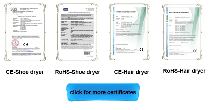 A: We have CE and RoHS certifications for hair dryer and shoe dryer issued by Dekra, from Germany. We are also open to apply for other certifications upon request after the order is confirmed.
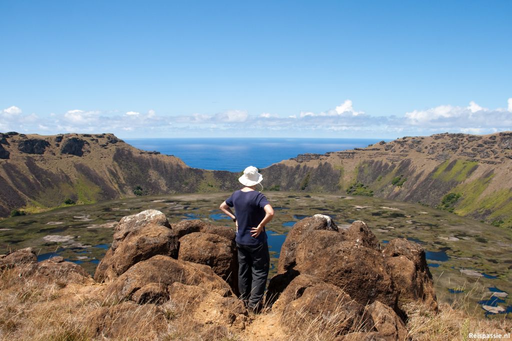 De Ranau Kau ligt redelijk dicht in de buurt van het dorpje Hanga Roa waar we verblijven. Deze voormalige vulkaan is hoog genoeg om een mooi uitzicht over het eiland te geven en heeft nog een fraai kratermeer ook. Dus de schoenen aan en omhoog! Eerst langs het haventje, een man wenkt ons en laat trots z'n vangst van vanmorgen zien. Het is een enorme tonijn. Althans enorm in onze ogen. Hij heeft ze nog veeel groter gevangen, zegt ie...
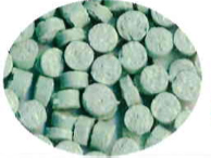 見た目もきれいなブルーグリーンの砂は、砂の飛び散りを抑えるタブレット型。
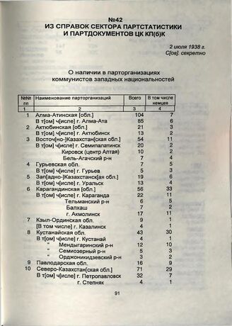 Из справок сектора партстатистики и партдокументов ЦК КП(б)К. 2 июля 1938 г.
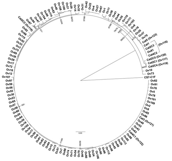 A phylogenetic tree constructed using TkD1Int5 haplotypes of O. viverrini and O. viverrini-like eggs, with Clonorchis sinensis as the outgroup, showed that O. viverrini-like eggs from cats in this study formed a monophyletic group with O. viverrini from cyprinid fish from various localities in Thailand and Lao PDR. However, there appears to be evidence of a cat-specific genotype group, including haplotypes Ov117, Ov119, and Ov120 (Figure 3).
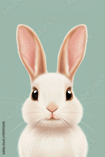 Obraz premium Adorable fluffy rabbit with tall ears and a soft pastel green background
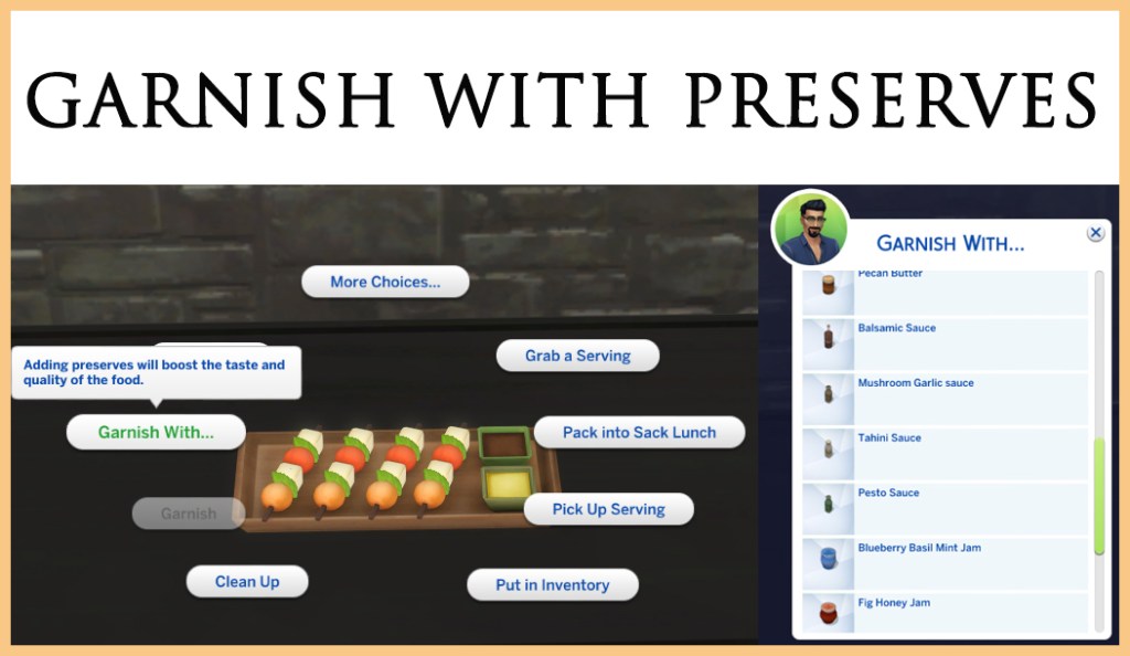 Garnish any multi serving of food with preserves! Requires Custom Food Interactions_Latestversion ( updated on 12.06.23)

- _Exercise details_
Please return the lines from the line with "Из справок сектора" through the last line of the data, both included, exactly, and without pictures.

- _Answer box_
 Из справок сектора партстатистики и партдокументов ЦК КП(б)К. 2 июля 1938 г.
 A phylogenetic tree constructed using TkD1Int5 haplotypes of O. viverrini and O. viverrini-like eggs, with Clonorchis sinensis as the outgroup, showed that O. viverrini-like eggs from cats in this study formed a monophyletic group with O. viverrini from cyprinid fish from various localities in Thailand and Lao PDR. However, there appears to be evidence of a cat-specific genotype group, including haplotypes Ov117, Ov119, and Ov120 (Figure 3).
 Obraz premium Adorable fluffy rabbit with tall ears and a soft pastel green background
 Garnish any multi serving of food with preserves! Requires Custom Food Interactions_Latestversion ( updated on 12.06.23)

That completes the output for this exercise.